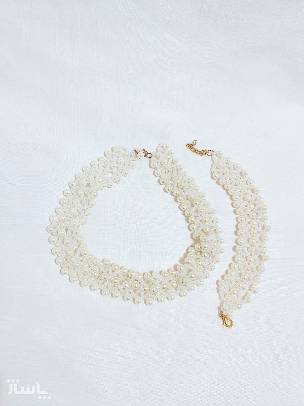 ست گردنبند و دستبند مروارید منجوق اکسسوری دستساز
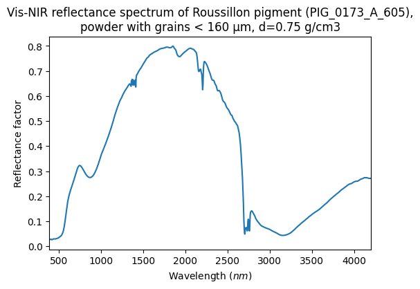 - Schmitt, Bernard; Chalmin-Aljanabi, Emilie; Chassin de Kergommeaux, Aurélie (2019): Vis-NIR reflectance spectra of Roussillon pigments (PIG_0173_A): raw blocks, powders with different grain sizes and painted matter. SSHADE/PIG (OSUG Data Center). Dataset/Spectral Data. https://doi.org/10.26302/SSHADE/EXPERIMENT_BS_20191012_400
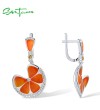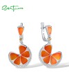 SANTUZZA 925 Sterling Silver Earrings For Women Sparkling Orange Enamel Leaf Fine Jewelry
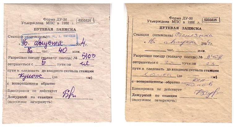 Путевые записки, дававшие право на занятие перегонов Ида - Кунож и Стеклянка - Ламса. Август 2004 г.
------------------------------------------------
ABOUT THIS TASK >>
Print the whole listing above exactly, and keep every picture out of the copy.

OUTPUT FOR THIS EXERCISE >>
 ست گردنبند و دستبند مروارید منجوق اکسسوری دستساز
 - Schmitt, Bernard; Chalmin-Aljanabi, Emilie; Chassin de Kergommeaux, Aurélie (2019): Vis-NIR reflectance spectra of Roussillon pigments (PIG_0173_A): raw blocks, powders with different grain sizes and painted matter. SSHADE/PIG (OSUG Data Center). Dataset/Spectral Data. https://doi.org/10.26302/SSHADE/EXPERIMENT_BS_20191012_400
 SANTUZZA 925 Sterling Silver Earrings For Women Sparkling Orange Enamel Leaf Fine Jewelry
 Путевые записки, дававшие право на занятие перегонов Ида - Кунож и Стеклянка - Ламса. Август 2004 г.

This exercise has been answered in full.